ASSIGNED TASK: Please repeat each line from the one holding "A beautiful wooden" through the final line of the data, exactly as it stands, with no pictures.

GIVEN MATERIAL:
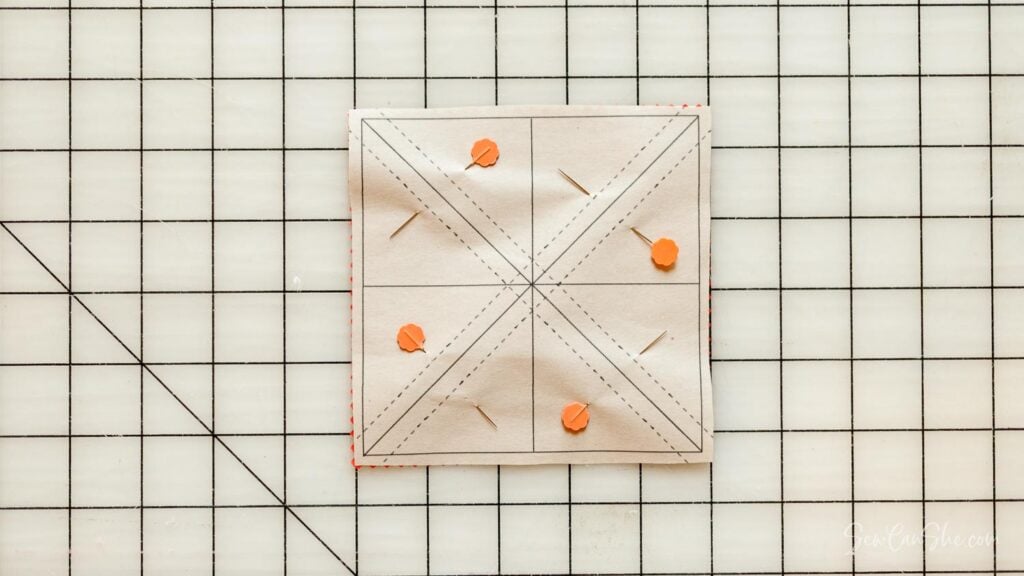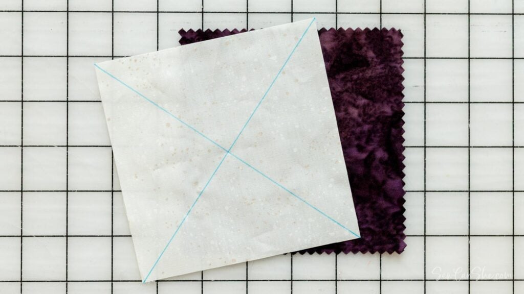 1. Use a pencil or fabric marking pen to draw two diagonal lines across the wrong side of a 5” square of background fabric. These are cutting lines.
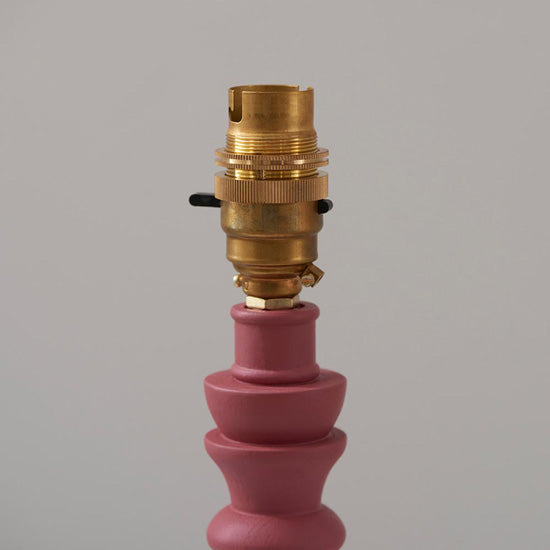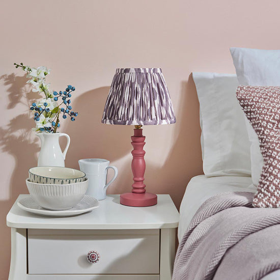 A beautiful wooden turned spindle light, painted satin pink clay. Perfect for classic interiors, featuring a brass B22 switched lamp holder and grey braided fabric flex. Paired with our stylish pearl grey 20cm Ikat shade for a unique, classic look.
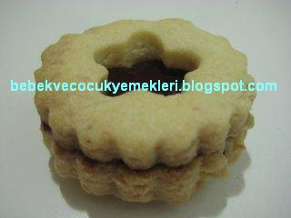 Yapılışı: Oda sıcaklığında, yumuşamış margarin ve diğer tüm malzemeler, yumuşak bir hamur olacak şekilde un katılarak yoğurulur. Temiz bir zemin üzerinde 0.5 cm. kalınlığında açılır ve büyükçe kalıpla şekil verilerek kesilir. Kesilen hamurların ortalarından daha küçük kalıplarla tekrar şekiller çıkarılır. Kurabiyeler yağlı kağıt serili tepsi üzerine dizilerek önceden ısıtılmış 170 dereceye ayarlı fırında kurabiyeler hafif renk değiştirmeye başlayana kadar pişirilir. Fırından çıkarılan kurabiyeler soğuduktan sonra, tepsiye oturan kısımları birbirine bakacak şekilde bir bütün+bir delikli kurabiye olmak üzere aralarına istediğiniz marmelattan sürerek kapatılır. Ben vişne marmeladı kullandım, hafif buruk tadıyla çok güzel oldu. Bu ölçülerden 16-17 adet kurabiye çıkarabilirsiniz.
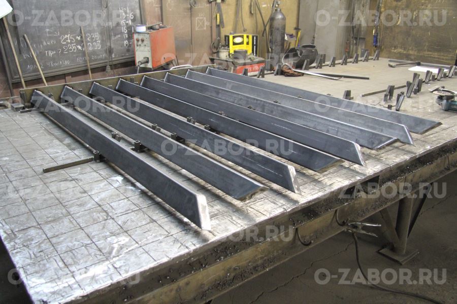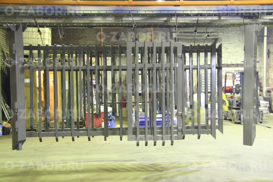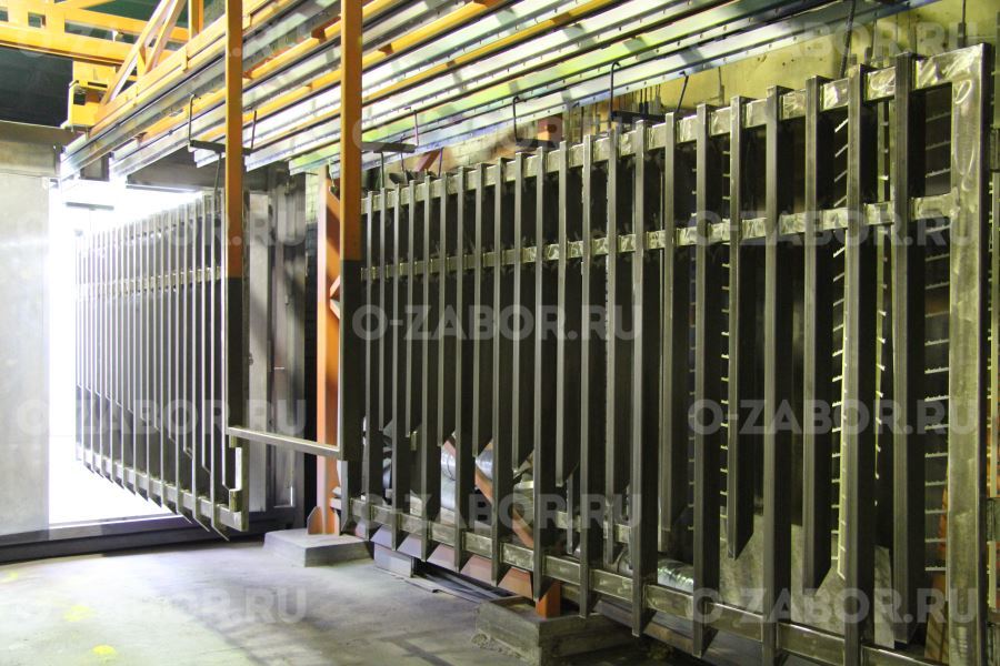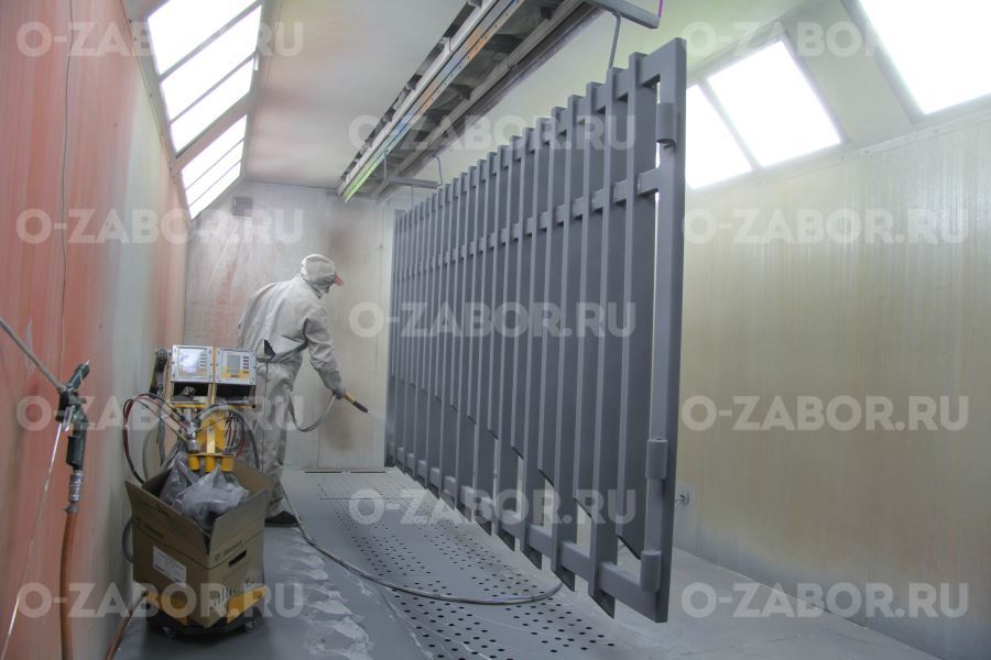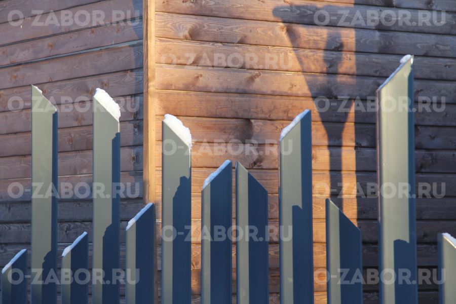 Из профильной трубы 40х80 высотой от 1,5 до 2 метров. Цвет RAL7040 полуглянец.

FINAL ANSWER:
 A beautiful wooden turned spindle light, painted satin pink clay. Perfect for classic interiors, featuring a brass B22 switched lamp holder and grey braided fabric flex. Paired with our stylish pearl grey 20cm Ikat shade for a unique, classic look.
 Yapılışı: Oda sıcaklığında, yumuşamış margarin ve diğer tüm malzemeler, yumuşak bir hamur olacak şekilde un katılarak yoğurulur. Temiz bir zemin üzerinde 0.5 cm. kalınlığında açılır ve büyükçe kalıpla şekil verilerek kesilir. Kesilen hamurların ortalarından daha küçük kalıplarla tekrar şekiller çıkarılır. Kurabiyeler yağlı kağıt serili tepsi üzerine dizilerek önceden ısıtılmış 170 dereceye ayarlı fırında kurabiyeler hafif renk değiştirmeye başlayana kadar pişirilir. Fırından çıkarılan kurabiyeler soğuduktan sonra, tepsiye oturan kısımları birbirine bakacak şekilde bir bütün+bir delikli kurabiye olmak üzere aralarına istediğiniz marmelattan sürerek kapatılır. Ben vişne marmeladı kullandım, hafif buruk tadıyla çok güzel oldu. Bu ölçülerden 16-17 adet kurabiye çıkarabilirsiniz.
 Из профильной трубы 40х80 высотой от 1,5 до 2 метров. Цвет RAL7040 полуглянец.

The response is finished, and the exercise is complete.